EXERCISE ->
Below, some lines carry pictures; leave those pictures out and retype exactly the lines from the one with "往北沿着滨海道路走经过分叉仔" through the one with "会议第二项,支部成员全体起立".

Stored items from a collection:
------
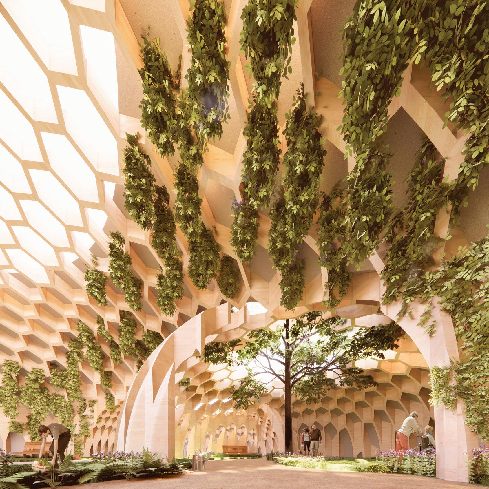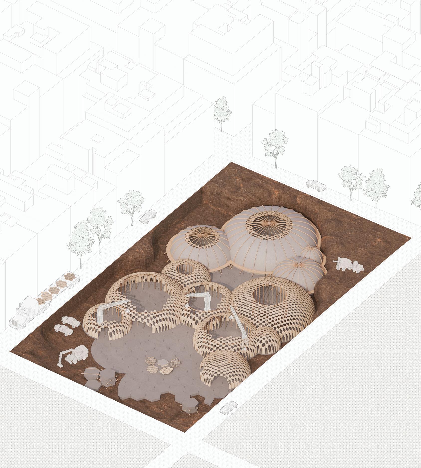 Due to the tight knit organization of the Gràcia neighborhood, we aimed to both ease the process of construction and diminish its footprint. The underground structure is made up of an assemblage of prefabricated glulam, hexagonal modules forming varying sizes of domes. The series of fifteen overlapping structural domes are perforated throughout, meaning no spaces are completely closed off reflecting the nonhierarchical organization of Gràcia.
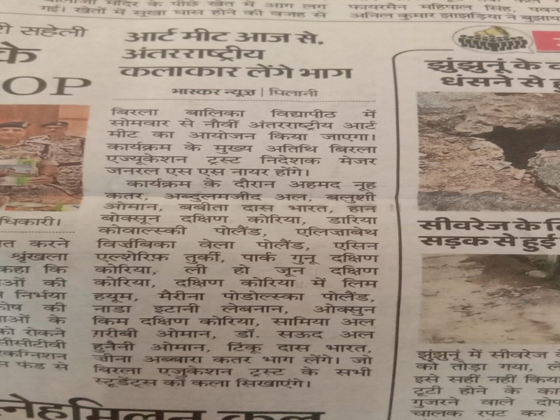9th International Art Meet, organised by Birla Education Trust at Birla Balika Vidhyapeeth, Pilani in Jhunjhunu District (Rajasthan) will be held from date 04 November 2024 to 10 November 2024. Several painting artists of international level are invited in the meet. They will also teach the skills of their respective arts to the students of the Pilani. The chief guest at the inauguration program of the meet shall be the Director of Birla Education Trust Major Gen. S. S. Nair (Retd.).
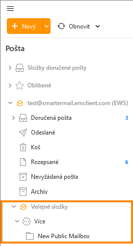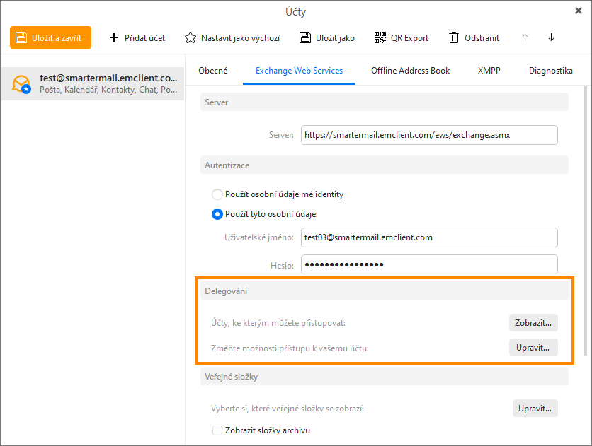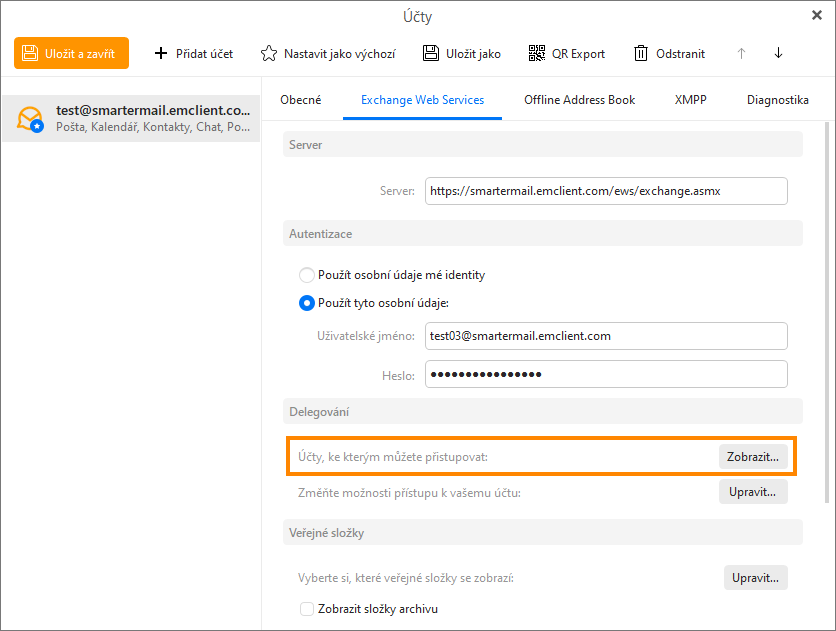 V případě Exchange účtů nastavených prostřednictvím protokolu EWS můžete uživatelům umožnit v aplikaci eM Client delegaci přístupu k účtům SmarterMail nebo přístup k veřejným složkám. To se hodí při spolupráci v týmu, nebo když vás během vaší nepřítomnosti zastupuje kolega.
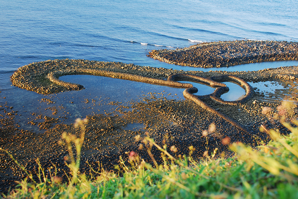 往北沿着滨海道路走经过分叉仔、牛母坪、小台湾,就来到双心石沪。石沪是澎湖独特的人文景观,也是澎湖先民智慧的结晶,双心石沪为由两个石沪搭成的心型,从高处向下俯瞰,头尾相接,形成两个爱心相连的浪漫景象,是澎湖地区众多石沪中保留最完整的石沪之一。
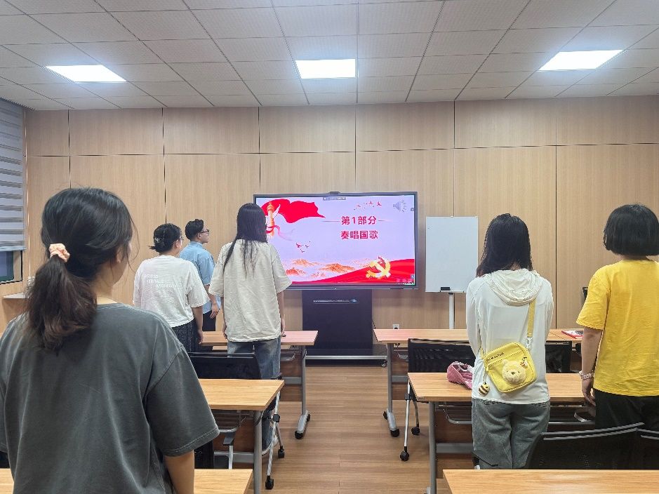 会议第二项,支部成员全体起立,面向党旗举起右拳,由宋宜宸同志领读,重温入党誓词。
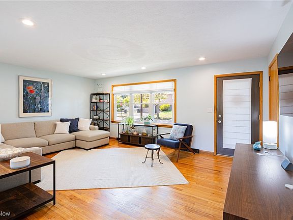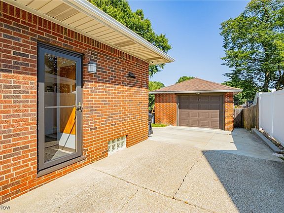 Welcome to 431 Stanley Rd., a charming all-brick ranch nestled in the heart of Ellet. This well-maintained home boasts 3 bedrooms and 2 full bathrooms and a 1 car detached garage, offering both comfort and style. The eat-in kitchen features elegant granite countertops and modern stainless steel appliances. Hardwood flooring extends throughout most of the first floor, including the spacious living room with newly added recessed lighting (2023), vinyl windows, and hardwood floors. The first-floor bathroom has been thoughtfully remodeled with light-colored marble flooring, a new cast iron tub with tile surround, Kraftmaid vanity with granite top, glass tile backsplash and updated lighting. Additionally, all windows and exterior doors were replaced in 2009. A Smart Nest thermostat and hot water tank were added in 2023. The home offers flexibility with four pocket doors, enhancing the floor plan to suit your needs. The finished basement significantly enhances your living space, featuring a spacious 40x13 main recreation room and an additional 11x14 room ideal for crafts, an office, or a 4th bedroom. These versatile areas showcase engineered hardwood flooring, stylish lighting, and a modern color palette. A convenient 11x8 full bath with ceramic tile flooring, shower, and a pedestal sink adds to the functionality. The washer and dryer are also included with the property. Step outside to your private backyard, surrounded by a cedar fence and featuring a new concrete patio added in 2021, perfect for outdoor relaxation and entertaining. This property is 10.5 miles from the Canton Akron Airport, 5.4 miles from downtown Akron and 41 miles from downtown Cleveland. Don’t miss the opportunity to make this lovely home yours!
------
WRITTEN RESPONSE ->
 往北沿着滨海道路走经过分叉仔、牛母坪、小台湾,就来到双心石沪。石沪是澎湖独特的人文景观,也是澎湖先民智慧的结晶,双心石沪为由两个石沪搭成的心型,从高处向下俯瞰,头尾相接,形成两个爱心相连的浪漫景象,是澎湖地区众多石沪中保留最完整的石沪之一。
 会议第二项,支部成员全体起立,面向党旗举起右拳,由宋宜宸同志领读,重温入党誓词。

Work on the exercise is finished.